Selon le ministre de l’Intérieur, 66.000 "policiers, gendarmes, forces de sécurité" ont été mobilisés samedi 1er décembre partout en France. "C’est la quasi-totalité de ce que nous pouvons mobiliser" a ajouté Christophe Castaner sur TF1 samedi soir, laissant entendre que l’Etat n’avait plus d’hommes en réserve pour faire face à un mouvement plus important ou plus virulent.

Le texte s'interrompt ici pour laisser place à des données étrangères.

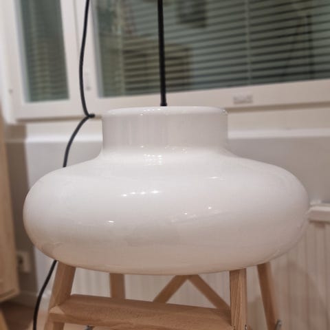 Tyylikäs Fagerhults Belysning akryylikupuinen kattovalaisin. Valmistaja on tunnettu laadukkaista valaisimistaan, ja tämä malli edustaa modernia muotoilua, joka sopii monenlaisiin sisustuksiin. Valaisimen valkoinen väri ja metallinen yksityiskohta luovat ajattoman ilmeen. Keskiössä messinkikoriste, asennetaan katon rajaan. Sisältää 5 valaisinpistettä.Moderni retrotyyli, joka yhdistää yksinkertaisen muotoilun ja käytännöllisyyden. Fagerhults Belysning on tunnettu skandinaavisesta muotoilustaan, joka korostaa valon ja tilan harmoniaa.Valaisimessa on pieniä käytön jälkiä. Sähköosat vaikuttavat ehjiltä, mutta tarkistus on suositeltavaa ennen käyttöä.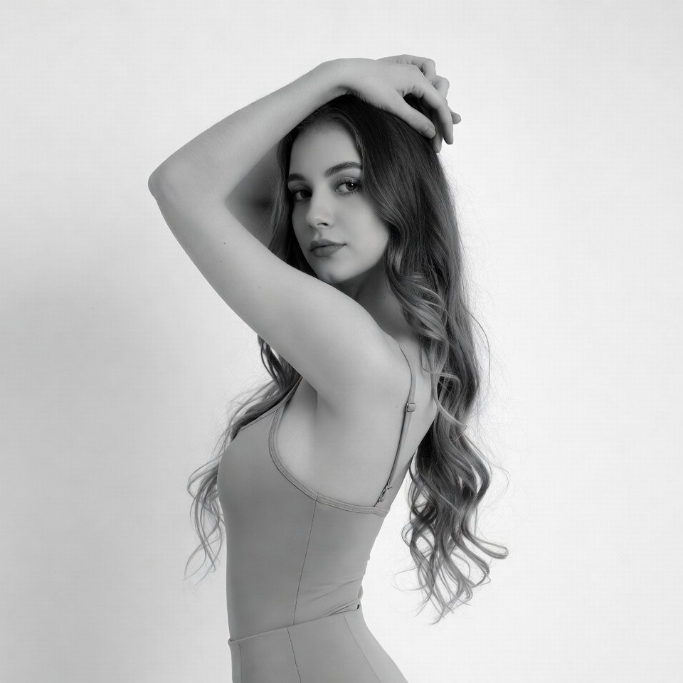A young woman with long wavy hair poses sideways against a white background in black and white photography. She wears a form-fitting tank top and raises one arm with her hand resting on her head. Her expression is neutral with lips slightly parted.
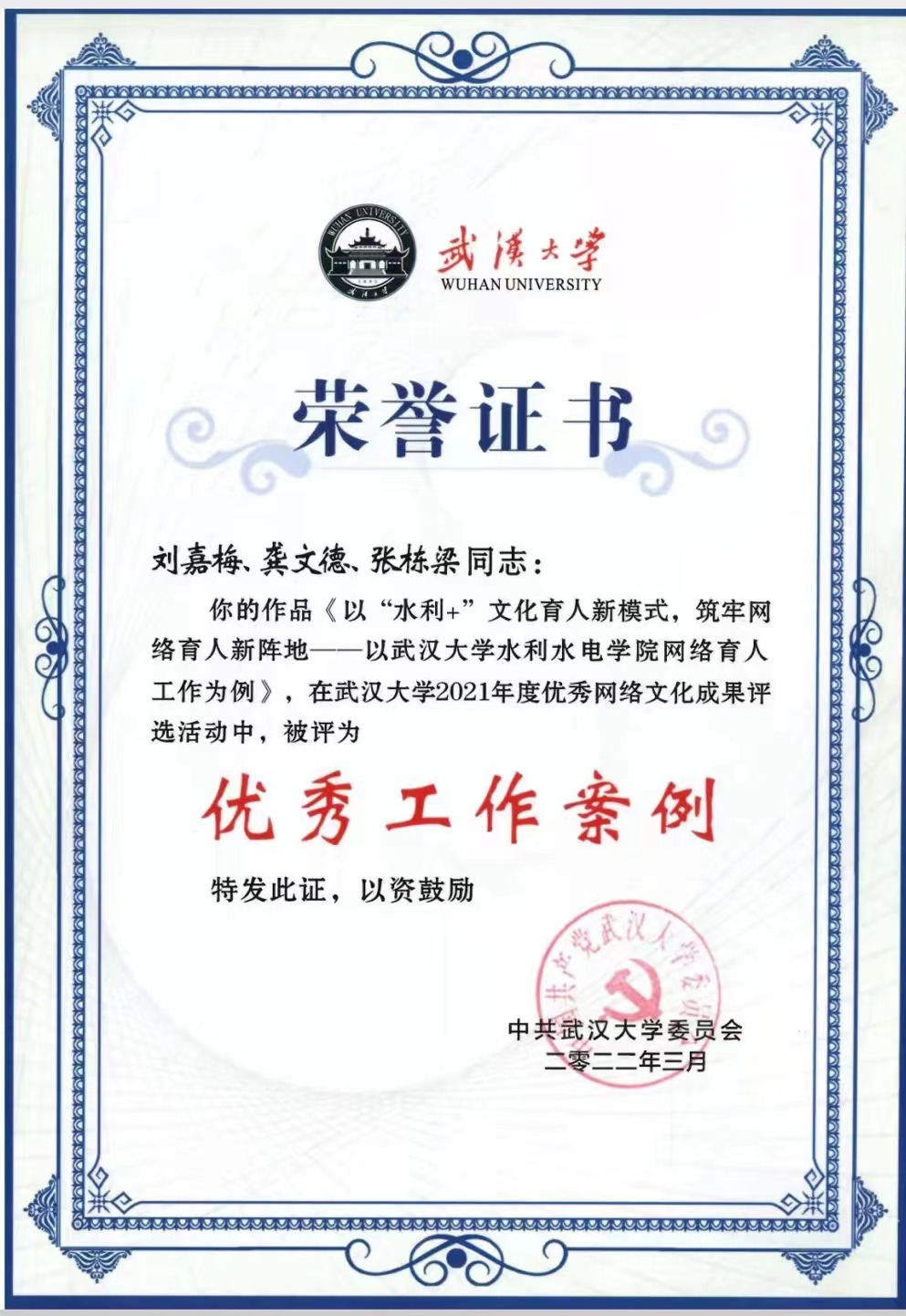 刘嘉梅、龚文德、张栋梁的作品《以“水利+”文化育人新模式,筑牢网络育人新阵地——以91黑料

Aussi, ces hommes mobilisés depuis quinze jours sont "fatigués" a constaté le ministre de l’Intérieur et plusieurs représentants syndicaux des forces de l'ordre sont montés au créneau pour dénoncer leurs conditions de travail : "Depuis dix jours, les forces CRS n'ont plus le temps de se reposer, des CRS dorment à peine quatre heures, d'autres n'ont même pas mangé hier, imaginez la situation", a raconté David Michaux, à la tête du pôle CRS d'Unsa-Police, sur Franceinfo

Lors de la réunion de crise convoquée ce dimanche au lendemain des heurts, le président de la République a demandé à ce qu’une réflexion soit menée par le ministre de l’intérieur pour l’adaptation du dispositif de maintien de l’ordre dans les temps à venir.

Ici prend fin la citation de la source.